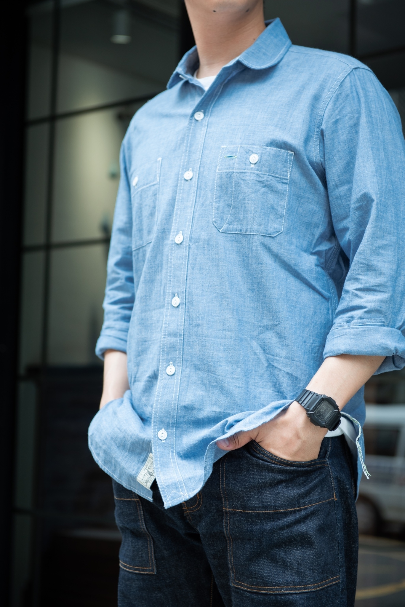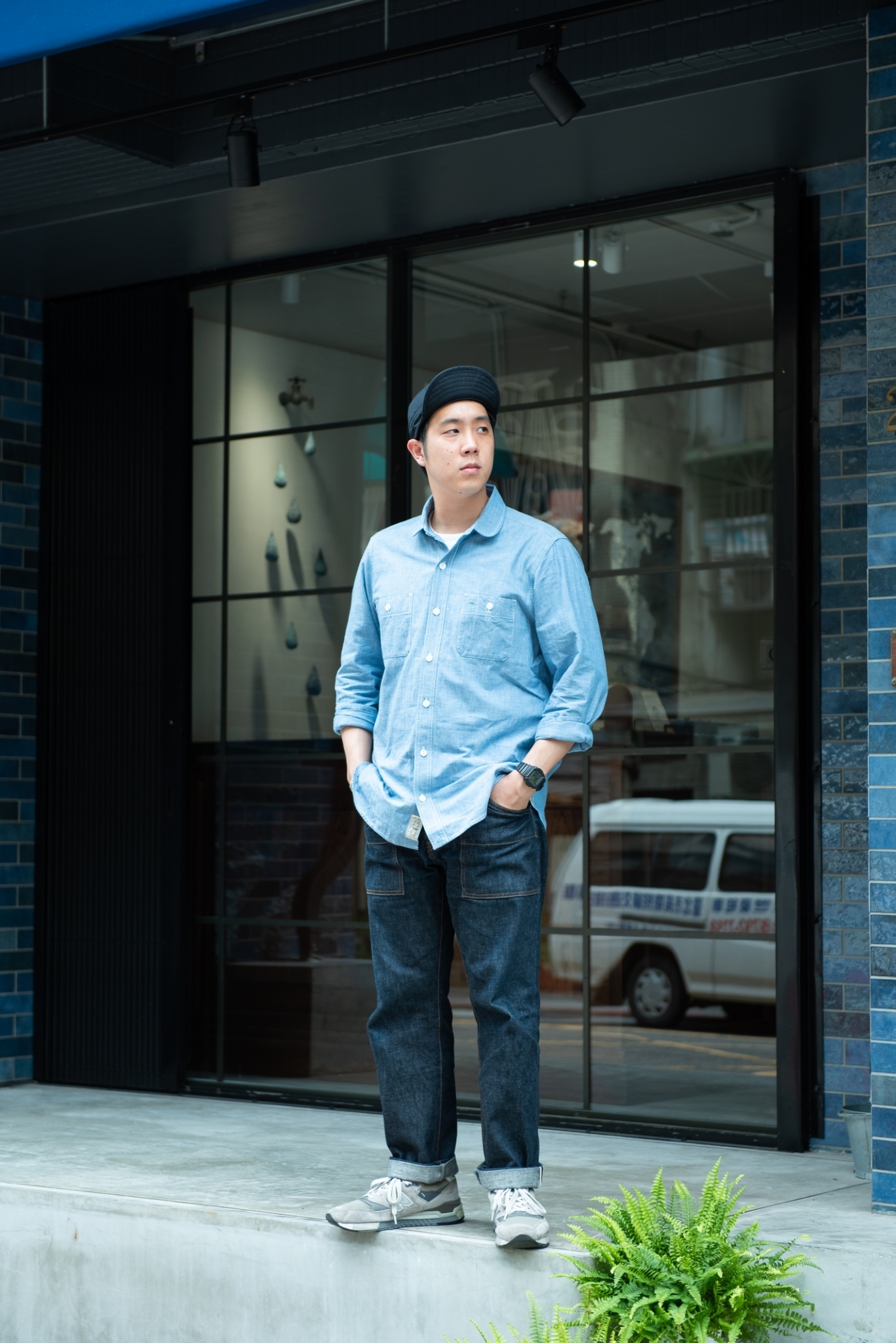 這是我心中十分經典的工裝組合,國外許多知名古著店,現在仍會高價販售狀況好的老 Chambray 襯衫,代表了這項單品的經典及在喜愛工裝人們心中的地位。
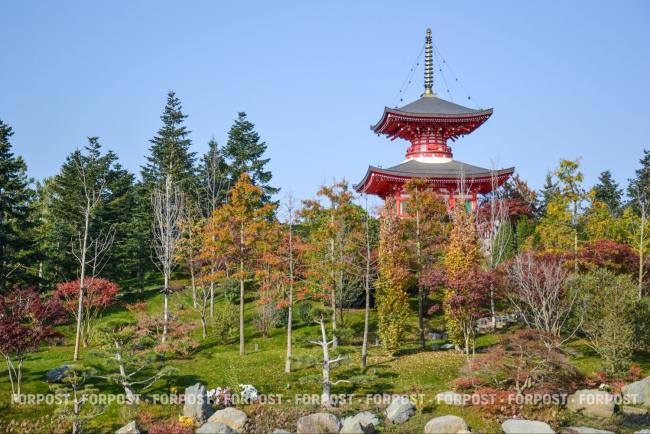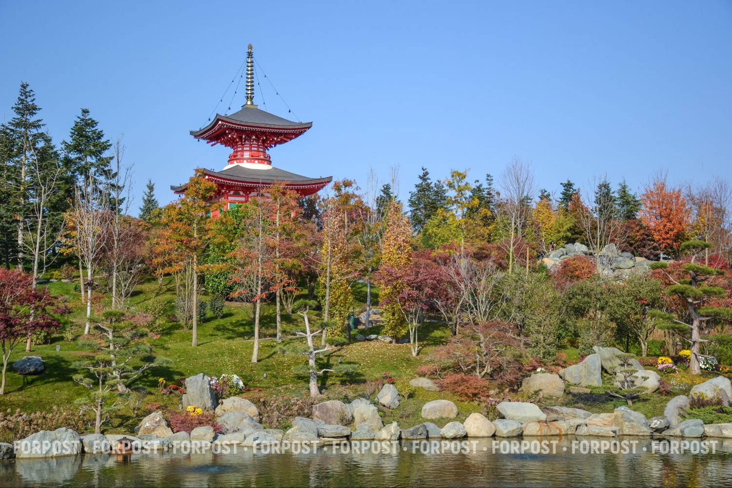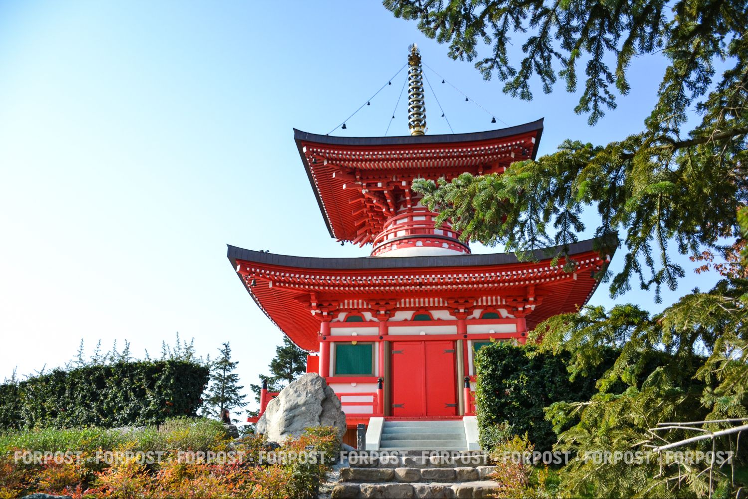 Изюминкой Японского сада можно считать ярко-красную пагоду Тахото. Она возведена на высоком холме и видна из почти любой точки.
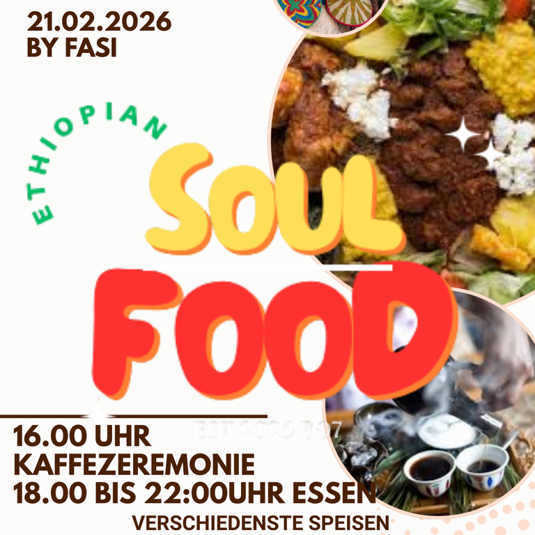 Ab 16Uhr starten wir mit einer Live Kaffee Zeremonie, zum Abendessen gibt es bunte Teller voller Aroma mit Gewürzen frisch aus Äthiopien. Reservierung macht Sinn.
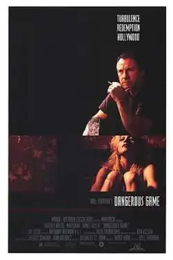Dangerous Game (also known as Snake Eyes) is a 1993 drama film directed by Abel Ferrara, written by Nicholas St. John, and starring Madonna, Harvey Keitel, and James Russo. The story follows a New York-based filmmaker directing a Hollywood drama about the volatile relationship between a married couple, while simultaneously straining his relationship with his own wife and causing the lines between reality and the film's production to blur.
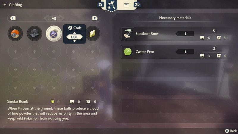 Pokémon Legends: Arceus includes crafting, a first for the series. Game Freak keeps it simple by only requiring two or three ingredients per recipe. Some resources can be picked up by your character in the open world. Others, like Tumblestones, which are used to craft Poké Balls, require you to throw a Pokémon at them to harvest.
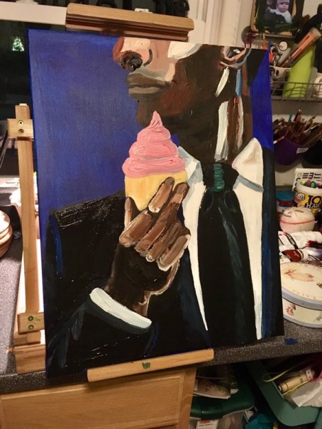This is a painting I did for my sister, as a Christmas present. I painted a woman in a similar style, dressed to the nines, holding an axe. It now hangs in her office. I really enjoyed that particular painting, and the idea of juxtaposing femininity with a stark axe. So, I decided to juxtapose suit and tie masculinity with a pink frosted cupcake.
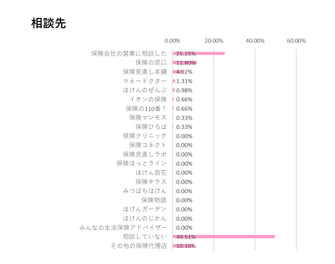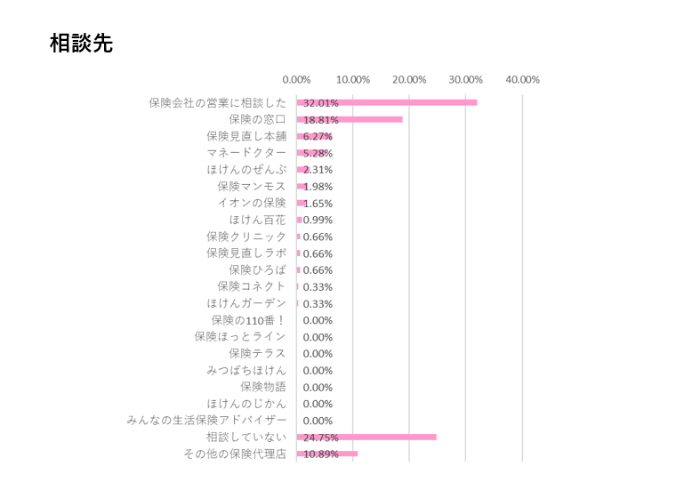 相談先は「保険会社の営業」「ほけんの窓口」「保険見直し本舗」が上位
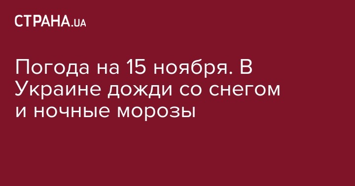 Погода на 15 ноября. В Украине дожди со снегом и ночные морозы
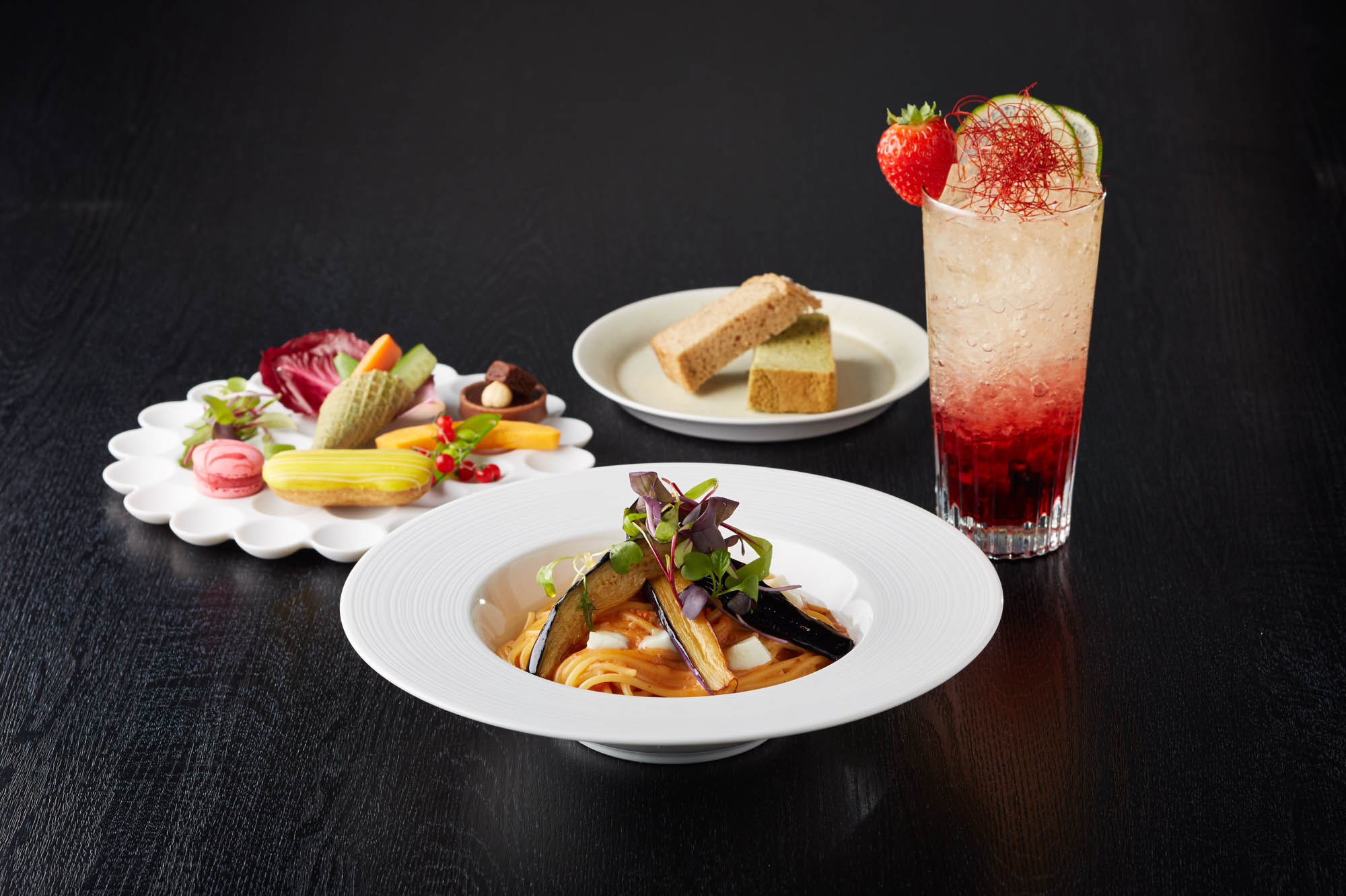 「REGALO Moment Cafe (レガーロ モーメント カフェ)」では、パスタは「REGALO」のスパゲッティとパスタソースをベースに、「六雁」総料理長の秋山 能久氏が監修する数寄屋橋茶房とのコラボによる特別メニュー「REGALOコラボセットメニュー」(税込価格1,350円)を提供する。
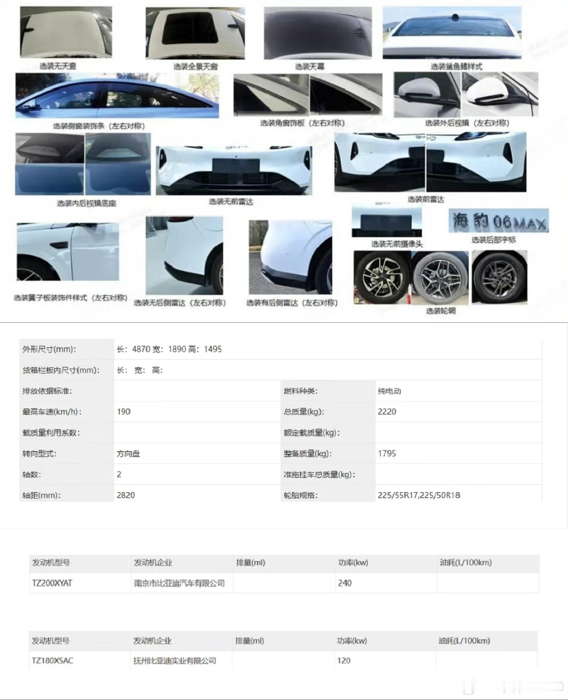海豹06 EV 最新申报!尺寸4870/1890/1495毫米,轴距2820毫米。相比现款 前脸优化更耐看,选装全景天幕及MAX尾标,动力续航提升
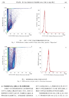 2.3 乌饭树核 DNA 含量(2C ̄值)的测定结果 样本与水稻标样的 G / G 期峰值相对位置ꎬ图中左
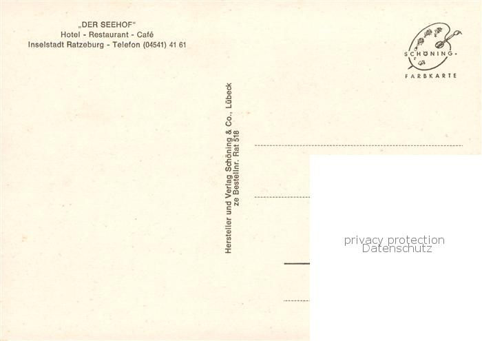 73846157 Ratzeburg Schleswig-Holstein Der Seehof Hotel Restaurant Cafe postalisch nicht gelaufen Erhaltung siehe scans [WerneD78] Wern Katcode 11110001053100
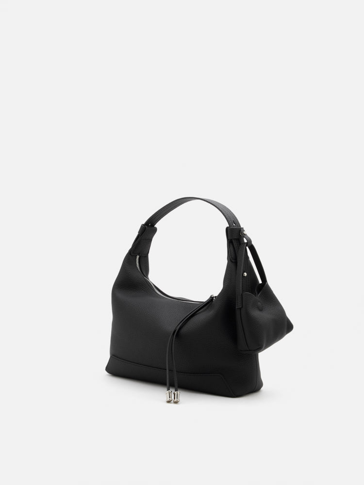 Effortlessly chic and supremely versatile, the Giovanna Slouchy Leather Shoulder Bag is your go-to companion for day-to-night style. Crafted from soft, supple leather, its relaxed silhouette exudes understated elegance, while silver accents add a touch of modern sophistication. Complete with a playful mini bag charm, this shoulder bag brings personality and practicality together.
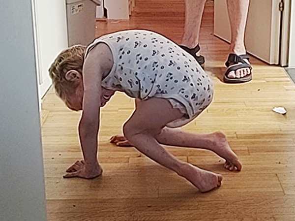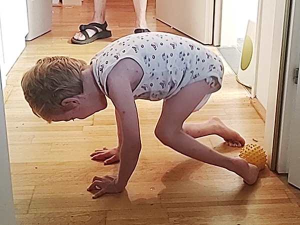 In the evening, Sammy wanted to show me a new skill, something I had never seen him do before, and I was really impressed as I had not thought he was possible to do this. He actually not only got on all fours, but pushed his knees up into the air, so that only his hands and feet were on the floor, like with a push-up. I was very impressed!
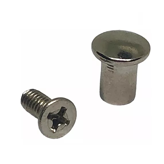 10 Pçs Rebite De Latão Cromo Com Rosca interna c/ Parafuso Philips de Inox
-- -- --
◆ Work task: Leave the pictures out, and restate exactly the lines from the start of the records through the one that contains "Ab 16Uhr starten".

◆ Exercise output:
 這是我心中十分經典的工裝組合,國外許多知名古著店,現在仍會高價販售狀況好的老 Chambray 襯衫,代表了這項單品的經典及在喜愛工裝人們心中的地位。
 Изюминкой Японского сада можно считать ярко-красную пагоду Тахото. Она возведена на высоком холме и видна из почти любой точки.
 Ab 16Uhr starten wir mit einer Live Kaffee Zeremonie, zum Abendessen gibt es bunte Teller voller Aroma mit Gewürzen frisch aus Äthiopien. Reservierung macht Sinn.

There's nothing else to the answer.